Starting at the line that contains "玉米T蛋白可影响线粒体内与呼", output each line exactly as written through the end of the listing below, but leave out the pictures.
━━━━━━━━━━━━━━━━
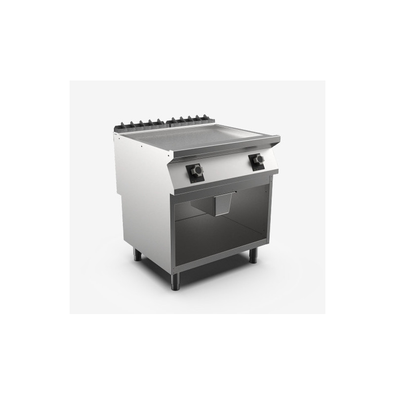 Electric fry-top on open cabinet, made of AISI 304 stainless steel. Pressed top, 20/10 thickness, with anti-spill front edge, designed for flush alignment with the supplied hermetic seal. Top prepared for mounting a water column accessory. Cooking surface with inclined plate, smooth ChromePlus with ultra-resistant brushed chrome finish, easy to clean. Cooking plate lowered by 40 mm compared to the worktop, hermetically sealed to facilitate cleaning. Cooking surface with a cold zone of 65 mm at the front of the plate. Circular grease drain hole Ø 40 mm. GN grease collection container installed in the lower compartment to facilitate and increase liquid recovery capacity. Heating by Incoloy armoured resistances. Heating control knob shaped to protect against water infiltration, equipped with integrated indicator lights that immediately signal heating and correct operation of the appliance. Cooking temperature controlled by thermostat adjustable from 110 to 280 °C. Safety thermostat intervenes in case of service thermostat failure. Cooking surface 735x700 mm. Includes: scraper for smooth plate. Protection level IPX5. The product complies with Regulation EC 1935/2004 and Decree of 21/03/1973 (Materials and Articles intended to come into Contact with Food). Water protection rating IPX5. Appliance fitted with height-adjustable stainless steel feet.
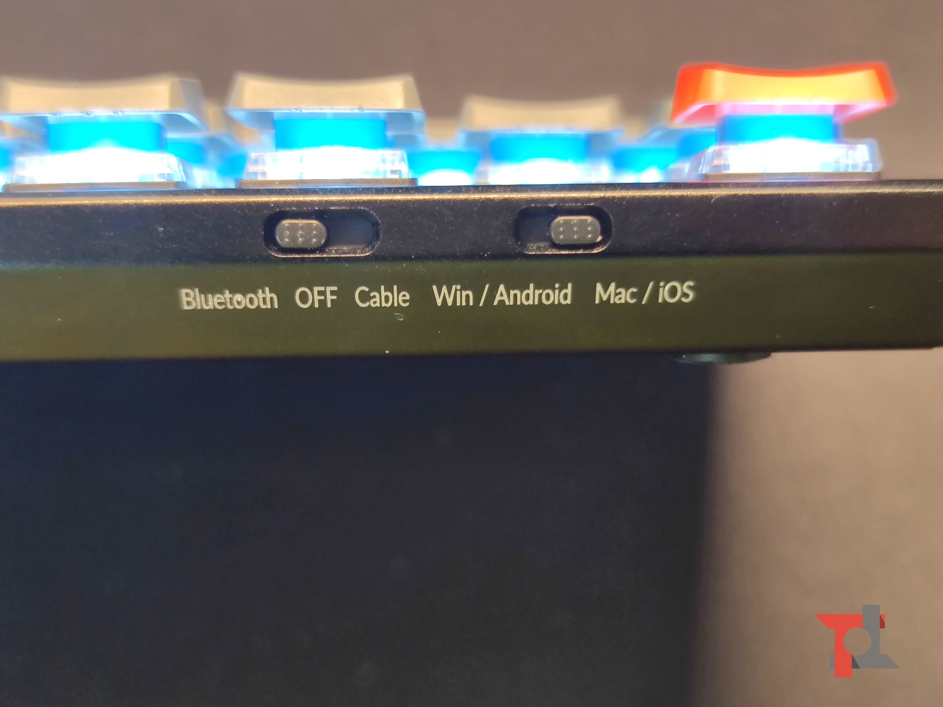 In alto a destra sono presenti tre tasti, due permettono di scegliere il tipo di collegamento (Bluetooth o wireless), il terzo invece consente di impostare la modalità Mac o PC. Il LED bicromatico diventa verde per la modalità PC e bianco per la modalità Mac, per sapere sempre quale layout viene applicato. Sono presenti le serigrafie alterative sui tasti CTRL, Windows e ALT, dove sono visibili anche i simboli classici delle tastiere Mac, come CTRL, OPT e CMD.
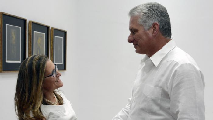 The President of Cuba´s Councils of State and Ministers, Miguel Díaz-Canel Bermúdez, yesterday August 28, received Canada’s Foreign Minister, the Honorable Christya Freeland, who is making a working visit to our country.
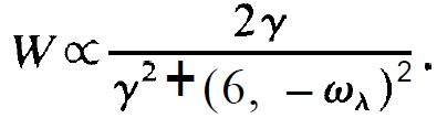 where we omitted a factor, I0. Here y is the line-width or, more precisely speaking, the half width at half intensity. Now let us recall that W is the
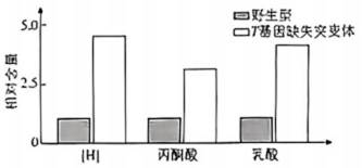 玉米T蛋白可影响线粒体内与呼吸作用相关的多种酶、T蛋白缺失还会造成线粒体内膜受损。针对T基因缺失突变体和野生型玉米胚乳,研究者检测了其线粒体中有氧呼吸中间产物和细胞质基质中无氧呼吸产物乳酸的含量,结果如图。下列分析正确的是( )
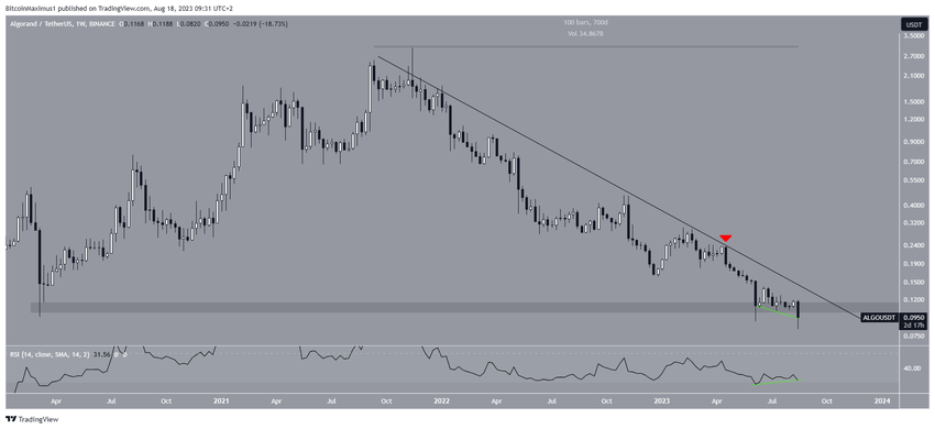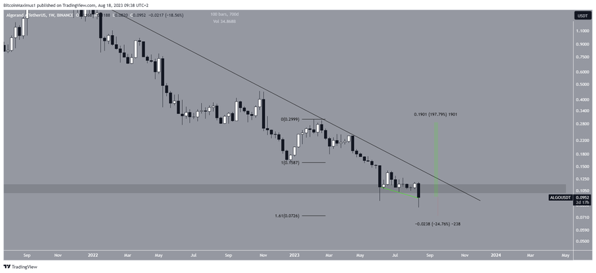 Meskipun harga ALGO sempat memantul di area support horizontal US$0,11, harganya akhirnya mengalami breakdown. Pada 17 Agustus, gelombang bearish melanda pasar kripto, dan harga ALGO pun harus terperosok hingga titik terendah sepanjang masa yang baru di US$0,08. Namun, meski telah tergelincir ke ATL baru, harga penutupan ALGO belum sampai berkisar di bawah area US$0,11. Oleh karena itu, potensi untuk bangkit kembali dan adanya tren bullish reversal masih tetap ada.
━━━━━━━━━━━━━━━━
Answer below:
 玉米T蛋白可影响线粒体内与呼吸作用相关的多种酶、T蛋白缺失还会造成线粒体内膜受损。针对T基因缺失突变体和野生型玉米胚乳,研究者检测了其线粒体中有氧呼吸中间产物和细胞质基质中无氧呼吸产物乳酸的含量,结果如图。下列分析正确的是( )
 Meskipun harga ALGO sempat memantul di area support horizontal US$0,11, harganya akhirnya mengalami breakdown. Pada 17 Agustus, gelombang bearish melanda pasar kripto, dan harga ALGO pun harus terperosok hingga titik terendah sepanjang masa yang baru di US$0,08. Namun, meski telah tergelincir ke ATL baru, harga penutupan ALGO belum sampai berkisar di bawah area US$0,11. Oleh karena itu, potensi untuk bangkit kembali dan adanya tren bullish reversal masih tetap ada.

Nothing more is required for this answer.